→ Saved data entries:
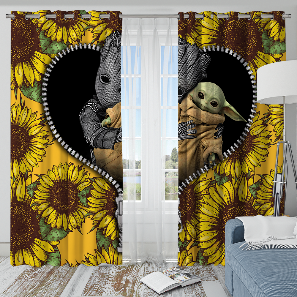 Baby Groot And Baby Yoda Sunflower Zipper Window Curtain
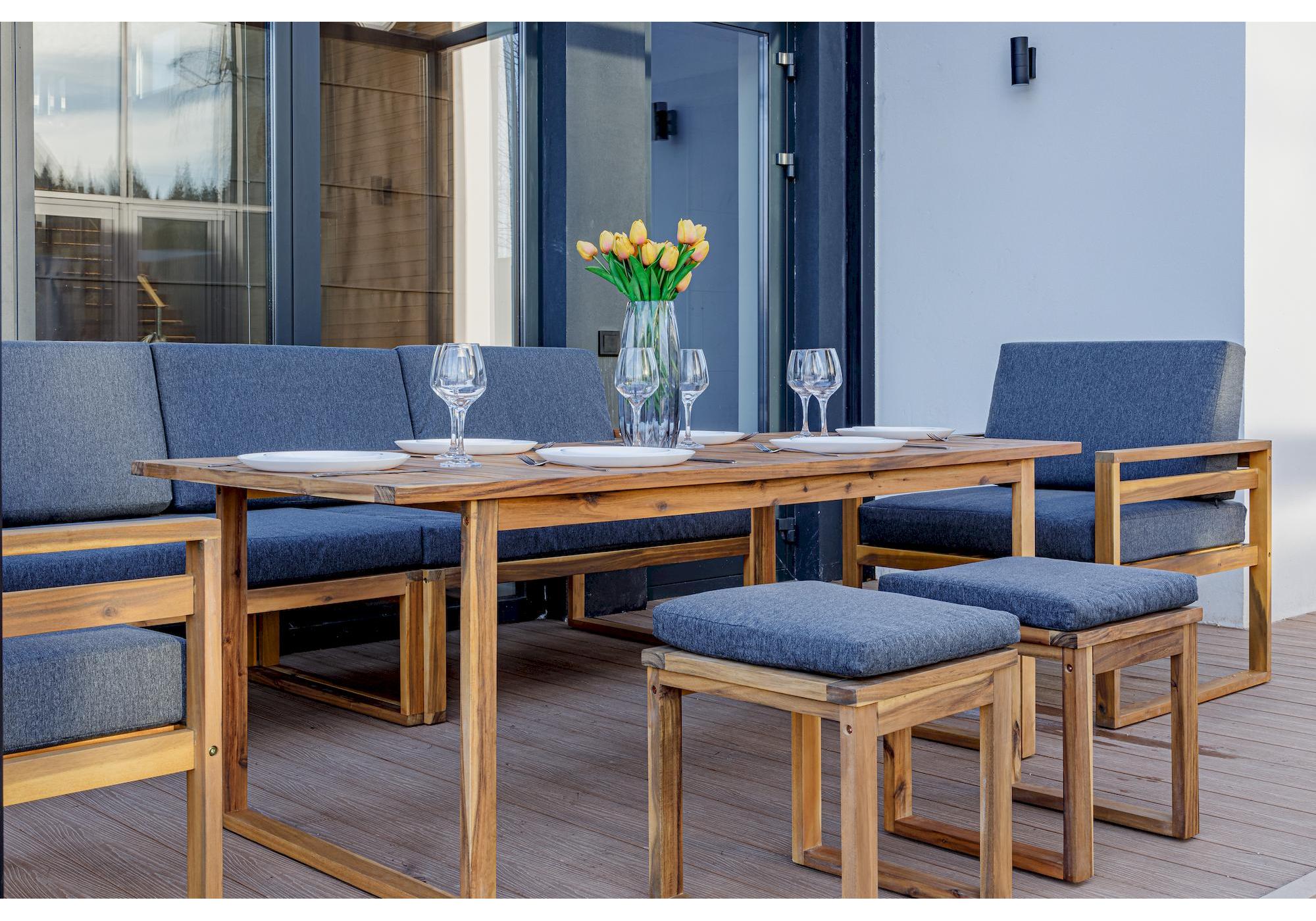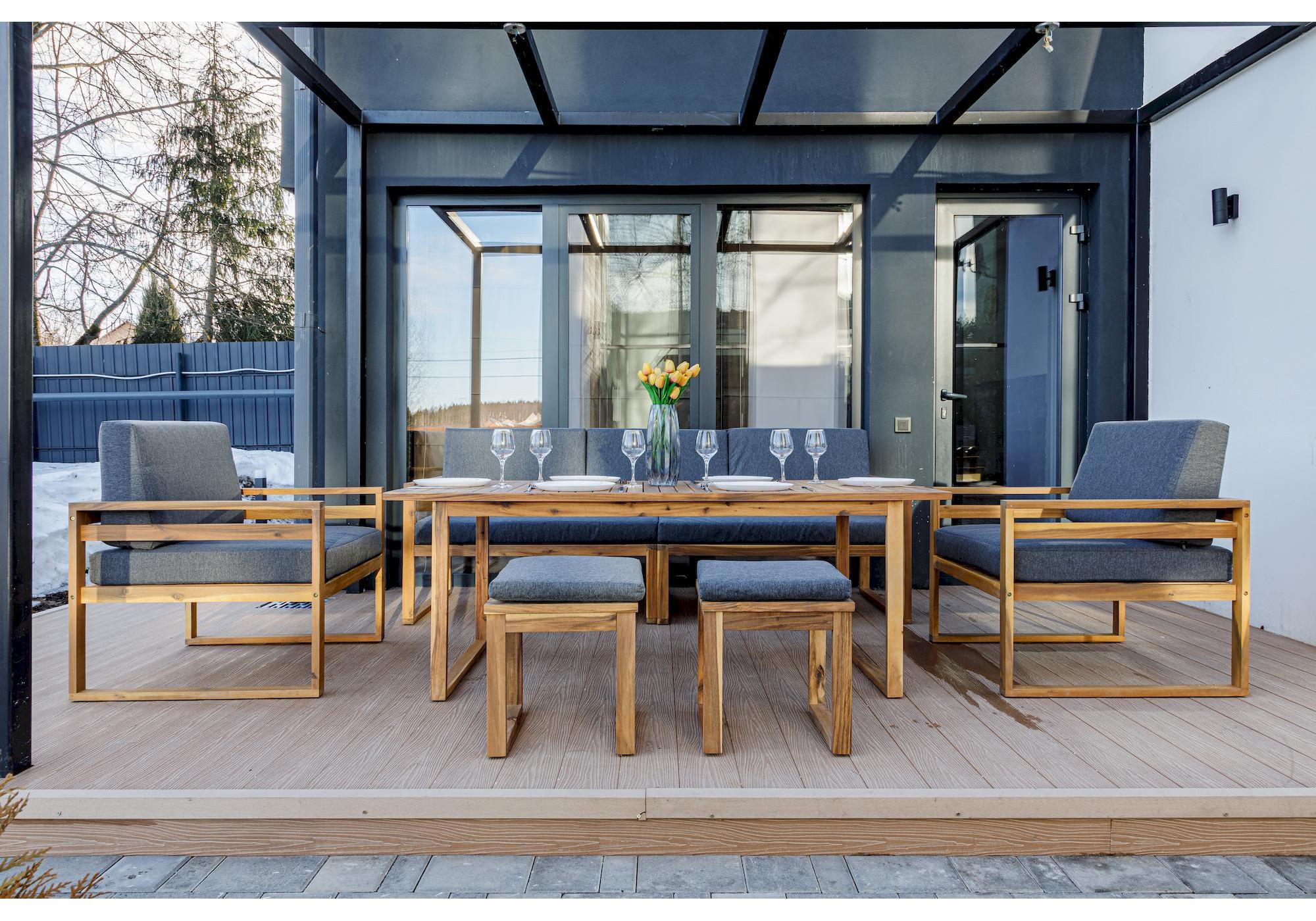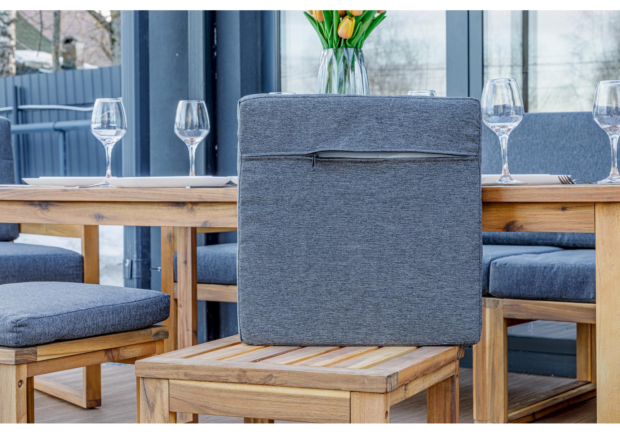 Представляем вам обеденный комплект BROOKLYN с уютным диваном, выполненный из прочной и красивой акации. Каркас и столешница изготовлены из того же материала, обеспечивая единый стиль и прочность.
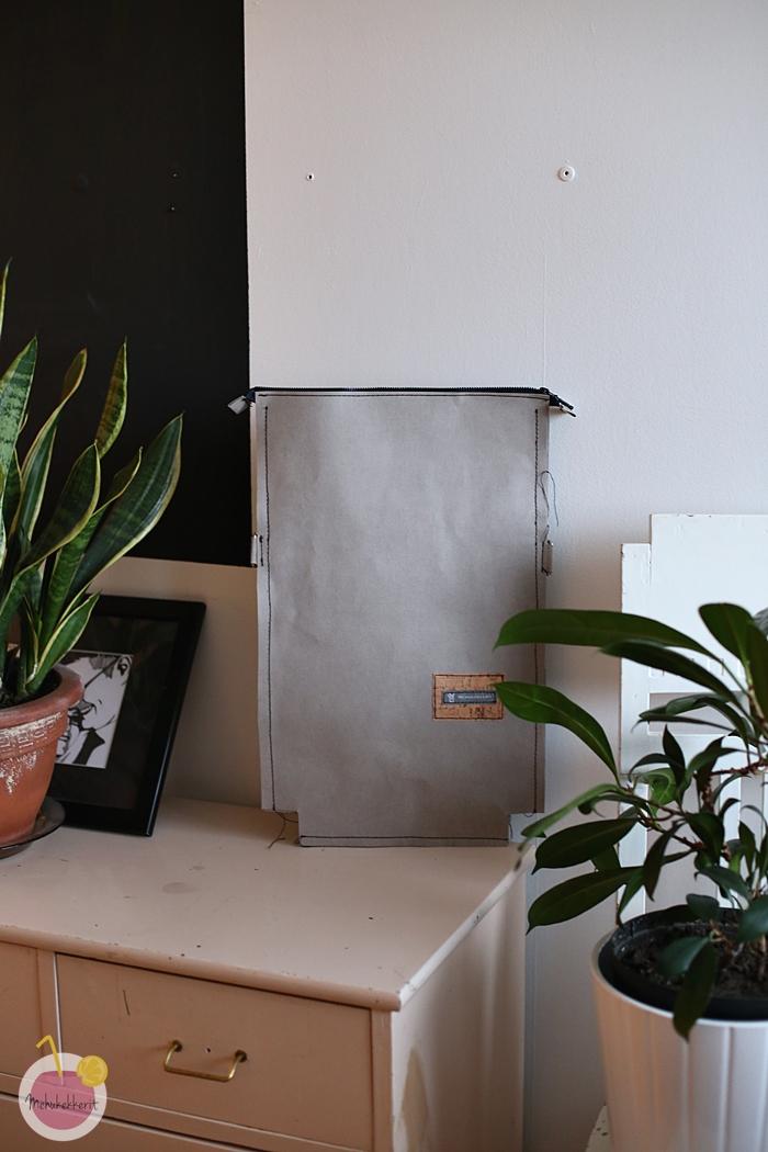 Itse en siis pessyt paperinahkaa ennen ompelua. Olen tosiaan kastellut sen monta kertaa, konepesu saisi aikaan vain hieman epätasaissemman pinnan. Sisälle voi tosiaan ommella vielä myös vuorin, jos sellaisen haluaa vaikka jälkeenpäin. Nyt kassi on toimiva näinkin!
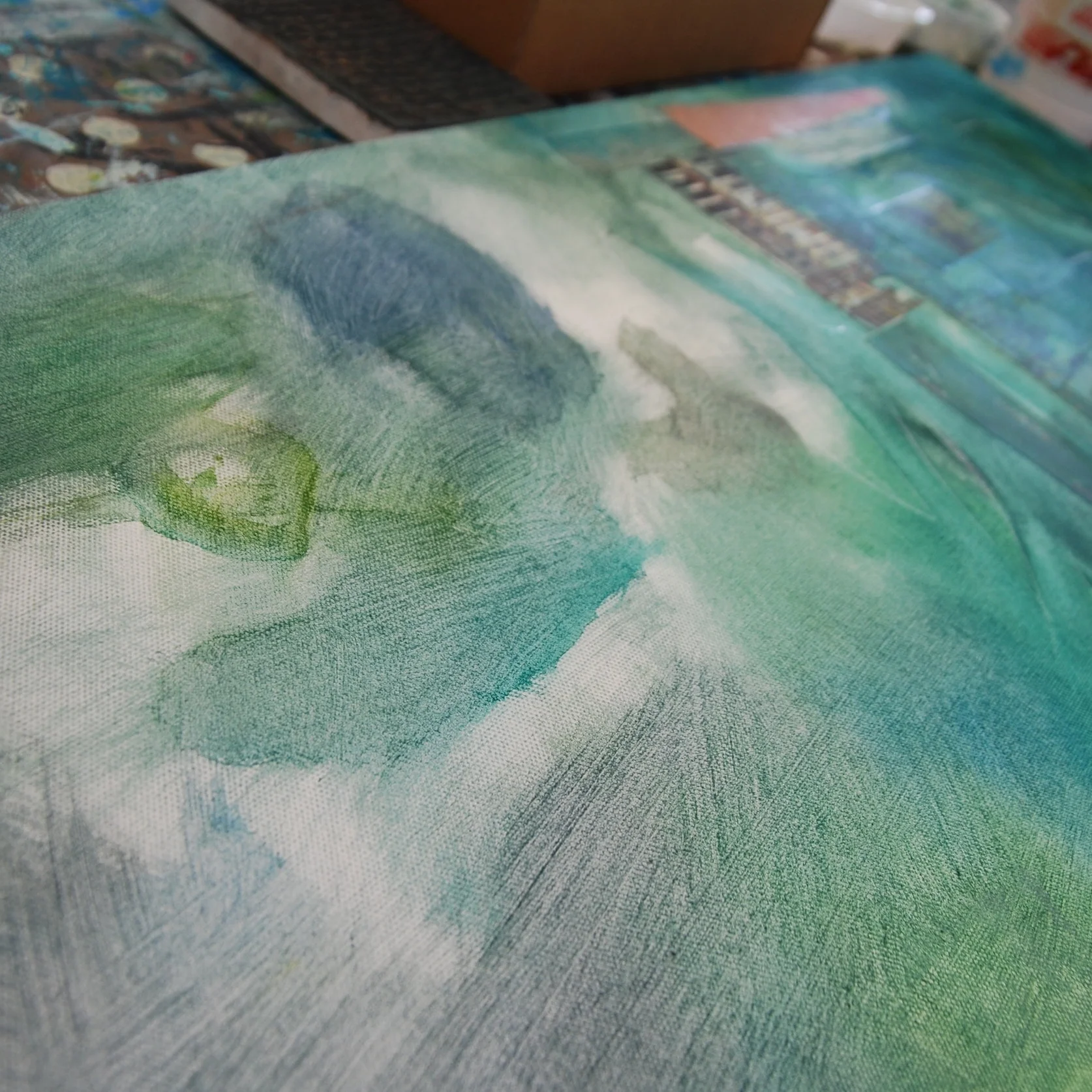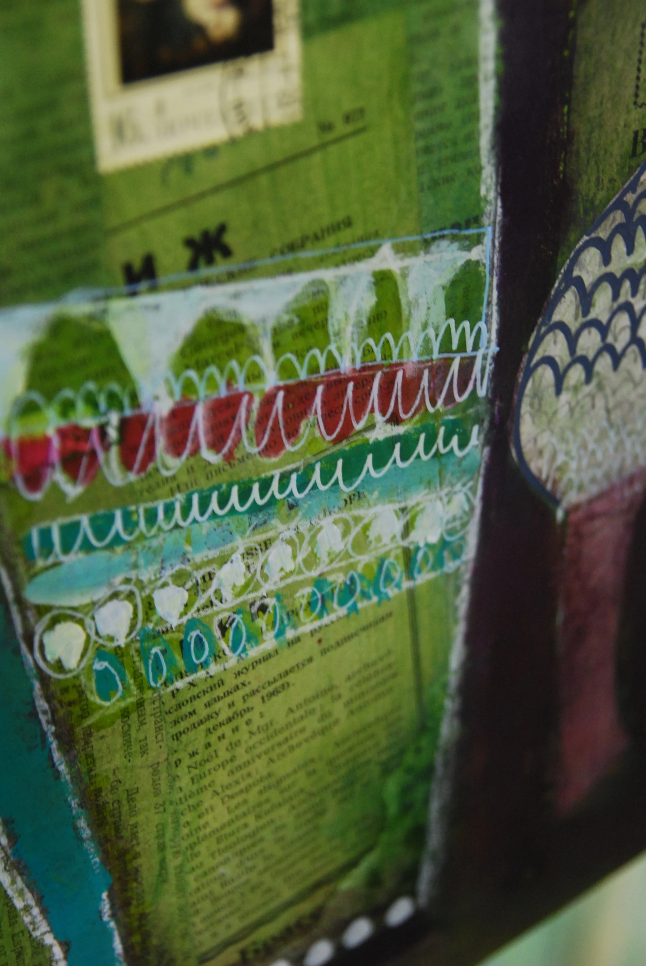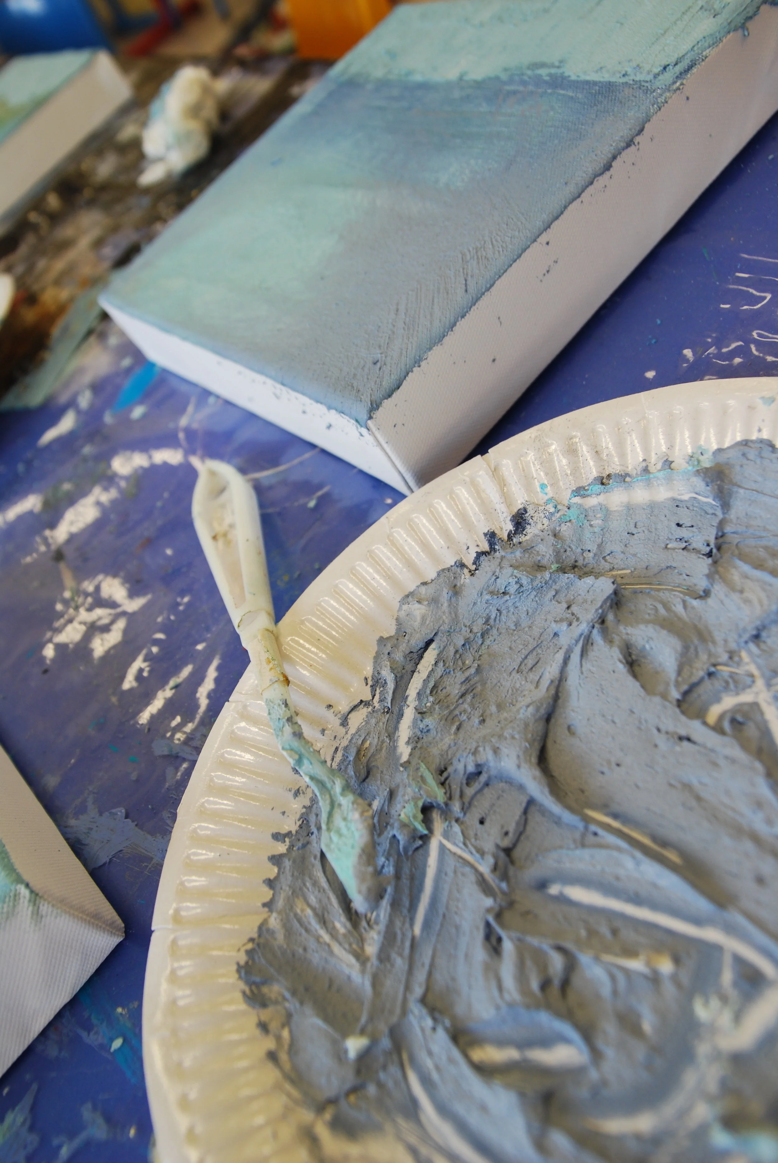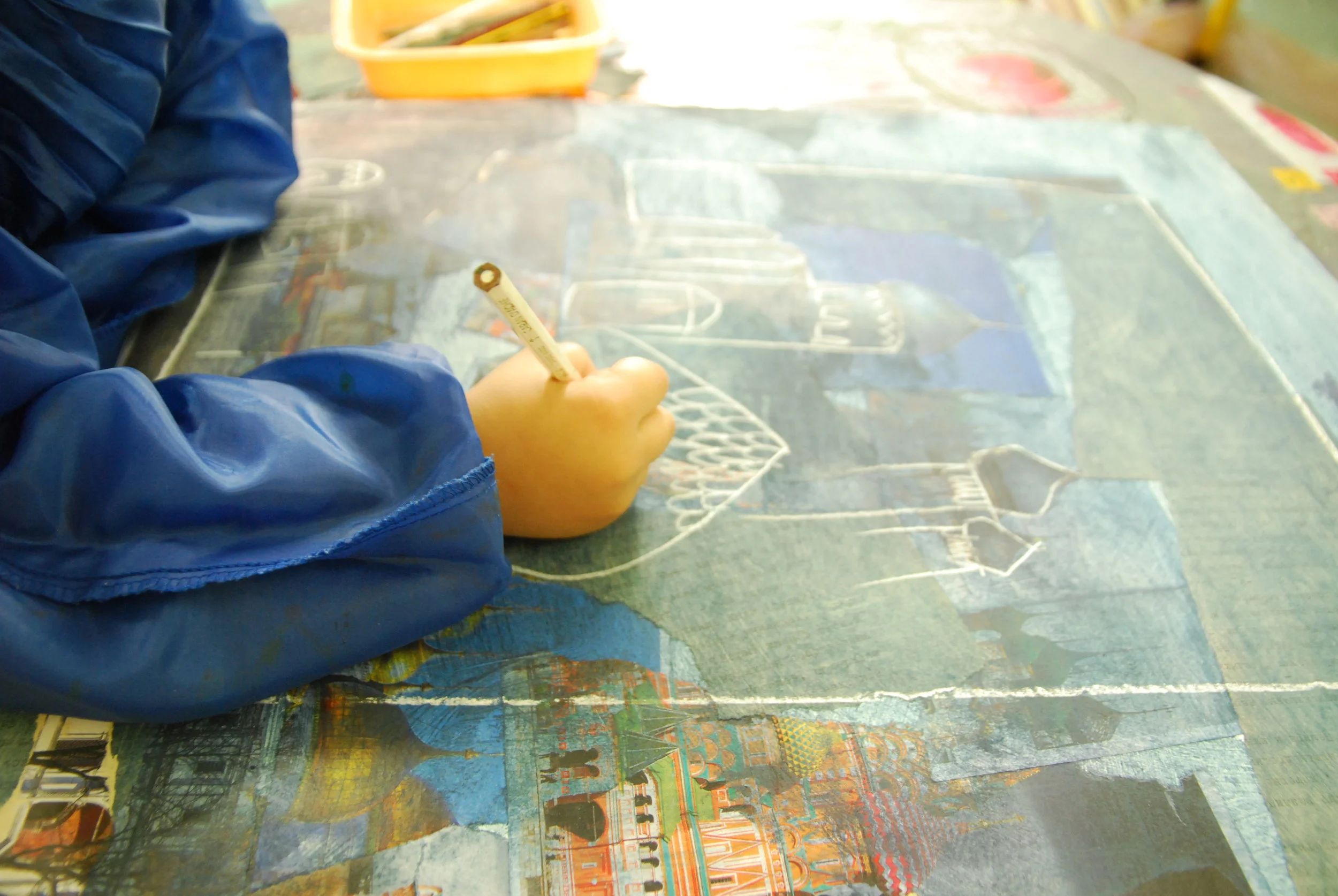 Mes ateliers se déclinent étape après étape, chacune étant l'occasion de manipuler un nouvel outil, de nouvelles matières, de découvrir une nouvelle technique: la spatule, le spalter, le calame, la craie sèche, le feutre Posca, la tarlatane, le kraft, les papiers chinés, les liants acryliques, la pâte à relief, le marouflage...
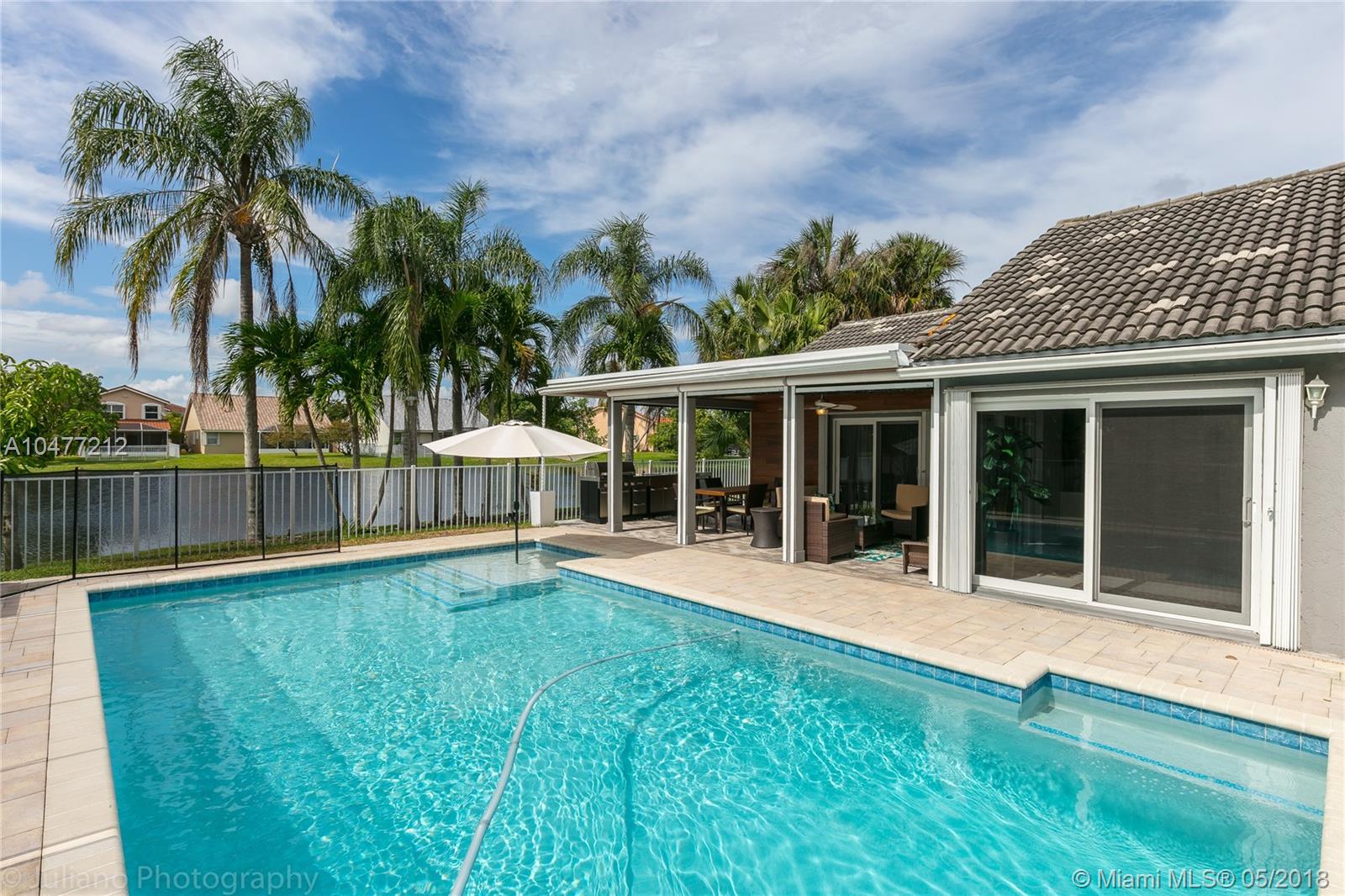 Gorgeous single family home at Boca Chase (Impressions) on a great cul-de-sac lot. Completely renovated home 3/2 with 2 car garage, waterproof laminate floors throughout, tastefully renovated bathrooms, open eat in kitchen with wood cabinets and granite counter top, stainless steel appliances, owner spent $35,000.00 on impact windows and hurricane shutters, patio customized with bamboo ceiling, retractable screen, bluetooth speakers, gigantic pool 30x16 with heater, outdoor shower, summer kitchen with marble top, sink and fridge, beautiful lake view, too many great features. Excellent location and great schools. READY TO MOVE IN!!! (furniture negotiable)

→ The problem: The records above are to be transcribed exactly, with every picture left out.

→ Answer to the problem:
 Baby Groot And Baby Yoda Sunflower Zipper Window Curtain
 Представляем вам обеденный комплект BROOKLYN с уютным диваном, выполненный из прочной и красивой акации. Каркас и столешница изготовлены из того же материала, обеспечивая единый стиль и прочность.
 Itse en siis pessyt paperinahkaa ennen ompelua. Olen tosiaan kastellut sen monta kertaa, konepesu saisi aikaan vain hieman epätasaissemman pinnan. Sisälle voi tosiaan ommella vielä myös vuorin, jos sellaisen haluaa vaikka jälkeenpäin. Nyt kassi on toimiva näinkin!
 Mes ateliers se déclinent étape après étape, chacune étant l'occasion de manipuler un nouvel outil, de nouvelles matières, de découvrir une nouvelle technique: la spatule, le spalter, le calame, la craie sèche, le feutre Posca, la tarlatane, le kraft, les papiers chinés, les liants acryliques, la pâte à relief, le marouflage...
 Gorgeous single family home at Boca Chase (Impressions) on a great cul-de-sac lot. Completely renovated home 3/2 with 2 car garage, waterproof laminate floors throughout, tastefully renovated bathrooms, open eat in kitchen with wood cabinets and granite counter top, stainless steel appliances, owner spent $35,000.00 on impact windows and hurricane shutters, patio customized with bamboo ceiling, retractable screen, bluetooth speakers, gigantic pool 30x16 with heater, outdoor shower, summer kitchen with marble top, sink and fridge, beautiful lake view, too many great features. Excellent location and great schools. READY TO MOVE IN!!! (furniture negotiable)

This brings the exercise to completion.